Zero. That is the approximate number of major streaming platforms that actually bought Deezer’s AI detection technology when it was offered as a professional B2B service. Instead of a windfall from industry partners, Deezer is now pivoting the tech into a consumer-facing tool that allows users to scan their playlists on other services to find the fakes.
Deezer is betting heavily on the “purity” angle. It is a bold move to position themselves as the digital sommelier of the streaming world, pointing out that the vintage you are enjoying is actually synthetic grape juice produced in a lab. For the average listener, a catchy song is a catchy song regardless of whether it was written by a tortured artist in a basement or a GPU cluster in Oregon. But for the audiophile and the developer, the distinction matters because it is fundamentally about provenance and the value of human effort. Does this actually work? If the detection relies on spectral fingerprints or specific artifacts left by current diffusion models, it is a losing battle. Like a food inspector at a carnival, Deezer is trying to spot the fake ingredients in a world where the recipes change every single day.

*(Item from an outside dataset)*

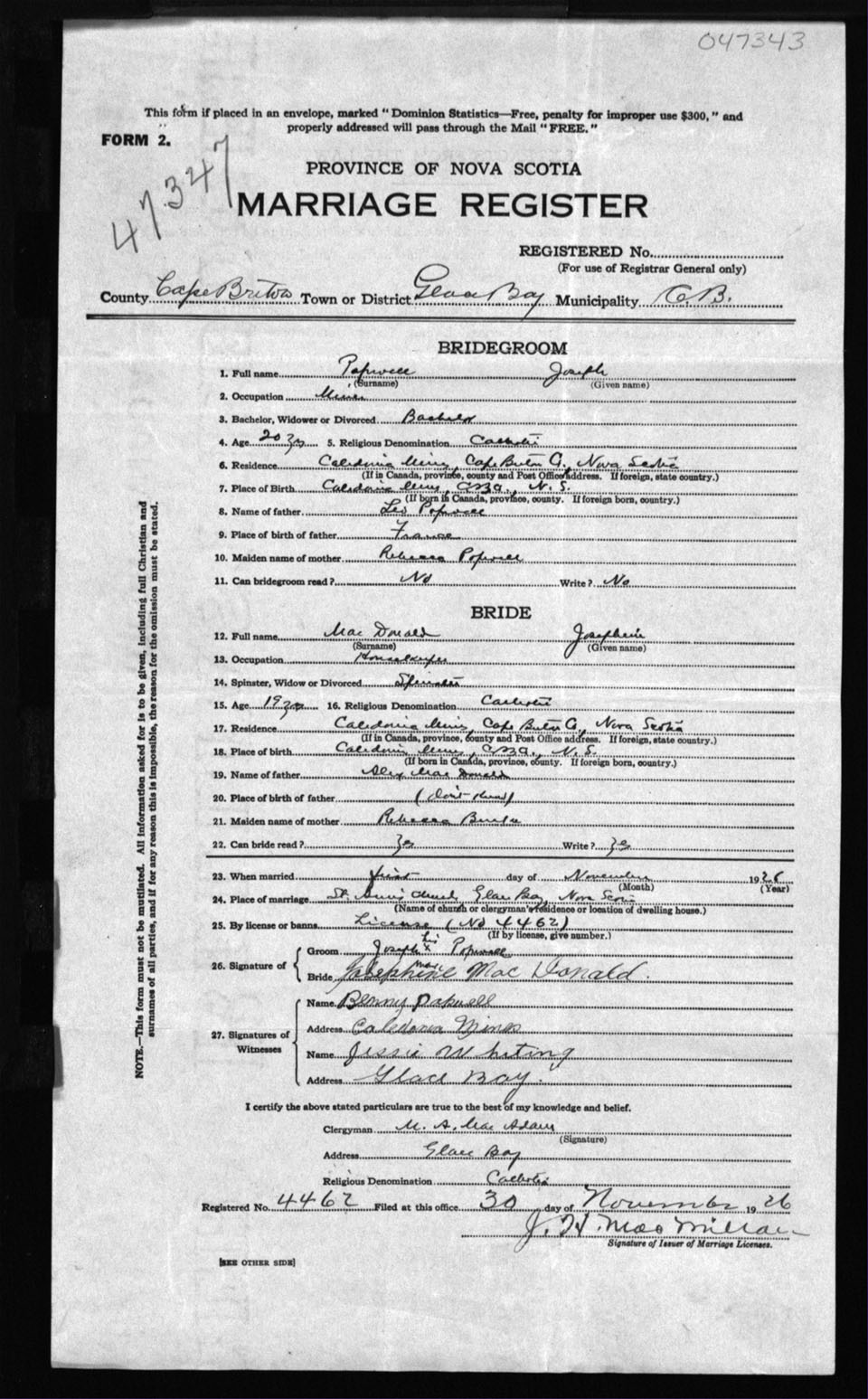 Registration: Year: 1926 number: 47343

The technical reality is that AI detection is a treadmill. Suno and Udio are moving faster than any detection API ever could. The moment a detector becomes effective, the generators optimize to bypass it. It is the same cat-and-mouse game we have seen with AI-generated text—once the patterns are known, they are erased. This means any tool that claims to “detect” AI is essentially a snapshot of what AI looked like six months ago. (Or maybe not—see below.) If Deezer has found a way to identify a fundamental mathematical property of synthetic audio that cannot be masked, they have something real. But in this field, “something real” usually has a shelf life of about one update cycle.
Then there is the friction of the actual user experience. But why would a user actually do this? No one is going to migrate their entire library to Deezer just to run a purity test on their favorite 2010s pop hits. The manual labor required to move thousands of tracks between services is a known headache that most people simply avoid. However, the most telling part of the report from The Verge is that Deezer offered this tech to other platforms and got ghosted. From a cold business perspective, one could argue that the bigger players have little incentive to purge this content. Synthetic tracks don’t demand royalties from humans; if a platform can shift a percentage of its plays toward AI-generated content that it owns or licenses cheaply, the margins improve.
Still, the sheer volume of AI slop hitting the platforms is reaching a breaking point where it degrades the product for everyone. The noise floor is rising, and the “discovery” algorithms are starting to choke on low-effort, high-volume synthetic uploads. This creates a vacuum that Deezer is trying to fill by acting as the arbiter of authenticity. By Q3, we will see the first major “Verified Human” certification badge appear on a top-tier streaming platform to combat the flood of synthetic content. Until then, we are left with a tool that tells us our favorite new lo-fi beat was made by a machine—information that is intellectually interesting but emotionally useless.
A noble effort to save the soul of music that will likely be ignored by the people who actually control the playlists.